Captain Henry Dinger of the Boise Fire and Rescue Team says it's very common for dumbasses to start hitting the river in early June. "We usually rescue at least three or four dumbasses every year before we officially open the river for floating," he says. "But those are just the biggest dumbasses. The regular dumbasses are too lazy to come out until July, and we rescue a whole bunch of them from July until September."

Upton says he is particularly stoked about trying out a new floating technique called 'swiping', which involves steering your raft to the side of the river and then holding onto the overhanging branches while using your legs to keep the raft from being taken by the current. Upton says he learned about this technique from his dumbass friend Jack, who lives in Boulder.

"It's a total rush," says Upton, "and it'll be so much better with the gnarly crapload of water they're letting out of Lucky Peak. This is going to be the best float ever."

Category: Sports/Outdoors
BSU Student Has Worst French Accent Ever

BSU French Professor Sophie Renoir thought she had heard it all in her 24 years of teaching the French language to American college students. Then Meridian native Tracy Smith enrolled in her summer session of Advanced Oral French.

"The first time Tracy spoke, I thought it was a joke," says Renoir, who spent six years studying at the Sorbonne in Paris and has a PhD in French from Yale. "But then she kept talking and I realized that she really and truly has the absolute worst French accent I have ever heard.
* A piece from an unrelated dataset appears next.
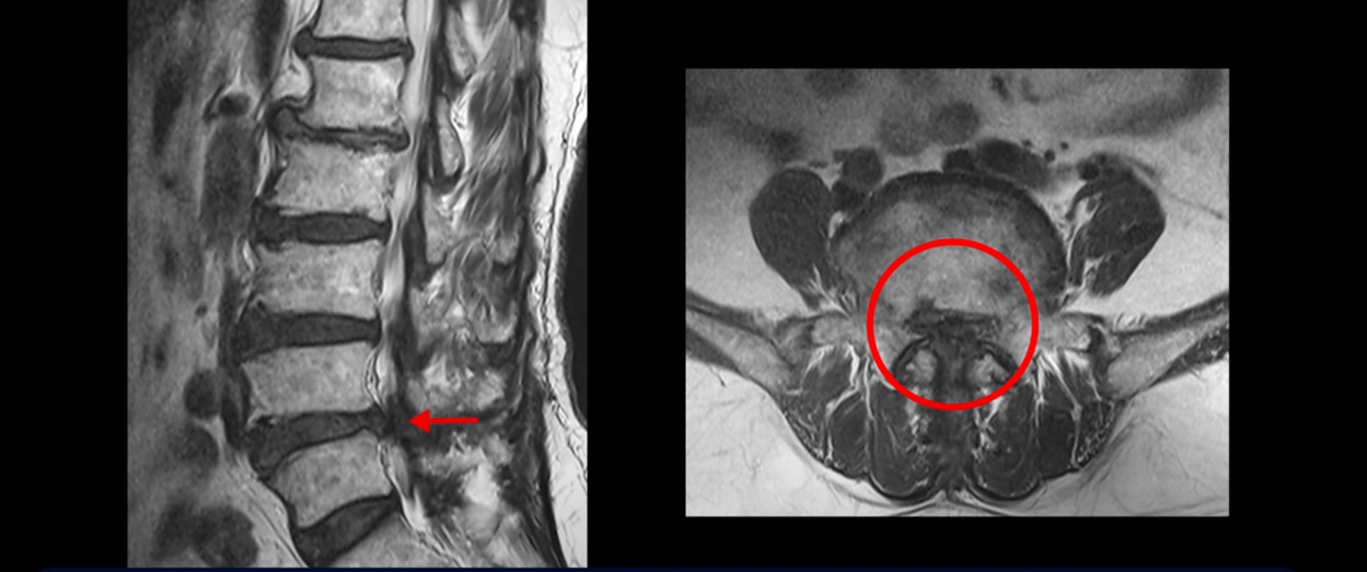이분은 허리도 아프지만 왼쪽 엉덩이와 다리가 너무 심하게 저리고 아팠는데 역시나 왼쪽 신경 가지가 빠져나가는 구멍이 막혀 있어서 매우 어둡게 보입니다.

It's like she's not even trying. George W. Bush would have a better French accent. It makes me wonder what she hears when she listens to music."

Smith says she fell in love with French in high school, and she loves wearing berets and writing letters to Laurent, her French pen pal who lives in Lyon. "I have such a great time learning the language," Smith says. "It'll be so much fun to go to France soon and show all the people there that not all Americans are uncultured pigs. I especially want to talk to them about wine."
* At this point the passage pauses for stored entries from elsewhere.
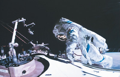 12月21日在北京航天飛行控制中心拍攝的神舟十七號航天員唐勝杰開展艙外操作的畫面。(新華社發)
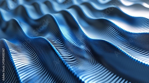Futuristic abstract 3D render of blue digital waves with flowing lines and reflective textures, symbolizing technology, data transmission, innovation, and modern digital communication systems.
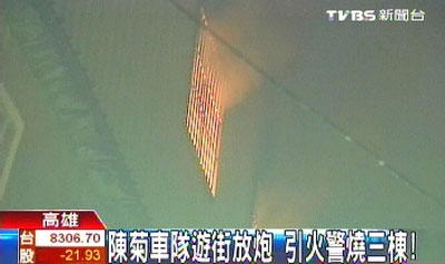 陳菊車隊高雄縣掃街 燃放炮竹燒壞三間民宅(圖)
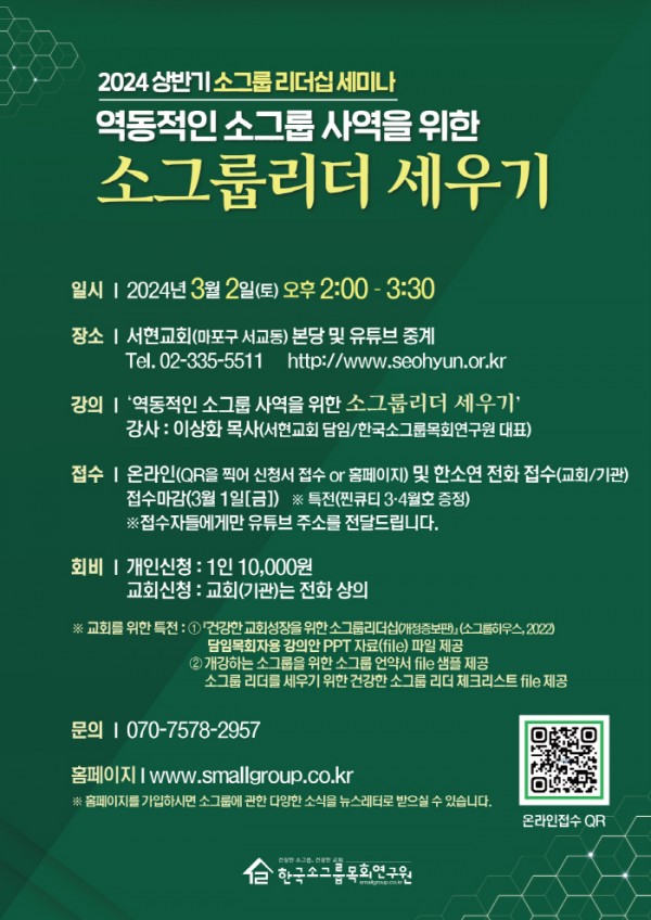‘건강한 소그룹, 건강한 교회!’를 목적으로 1994년부터 소그룹 양육체계와 자료를 개발하고 리더를 훈련시키는 소그룹 전문사역기관인 한국소그룹목회연구원(대표 이상화 목사/서현교회 담임)이 3월 2일 오후 2시 서울 서교동 서현교회에서 ‘역동적인 소그룹사역을 위한 소그룹리더 세우기’란 주제로 2024 상반기 소그룹리더십 세미나를 개최한다. 세미나는 현장 강의와 온라인 강의를 병행하여 진행할 예정이다.

Despite her student's enthusiasm about her foreign language studies, Professor Renoir says she is prepared to give Smith very low grades to discourage her from ever going to a French-speaking country.
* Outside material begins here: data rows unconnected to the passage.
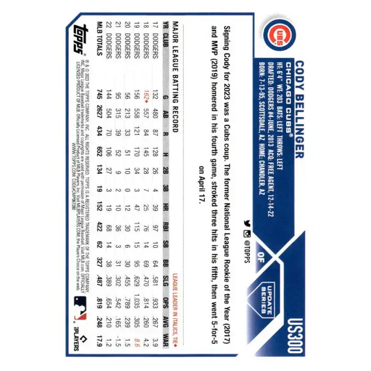 2023 Topps Update Series #US300 Cody Bellinger NM-MT Chicago Cubs Baseball Card
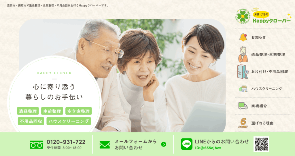 happyクローバーは、愛知県豊田市を中心に遺品整理・生前整理・不用品回収など、多彩なサービスを提供する企業です。遺品整理士による整理や相続に関する相談に加え、生前整理にも対応し、お客様の心理的負担を軽減しながら身の回りを整える支援を行います。
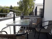 Die Wohnung verfügt sowohl über einen Balkon als auch über einen eigenen Garten (zur alleinigen Verfügung unserer Gäste) mit einer Fläche von 55 qm mit Terrasse und Grill. Sowohl auf dem Balkon als auch im Garten stehen Ihnen Gartenmöbel (Tische, Stühle, Sessel, Liege) zur Verfügung.

"How she got this far in her French studies is beyond me," says Renoir. "Previous teachers probably passed her just so they would never have to hear her speak again, and that's tempting, believe me. After she speaks I feel compelled to go to my office and write apology letters to the French ambassador, the French president, and the Victor Hugo estate because no one has ever butchered their language so badly. If she ever goes to Paris, I fear we might have an international incident."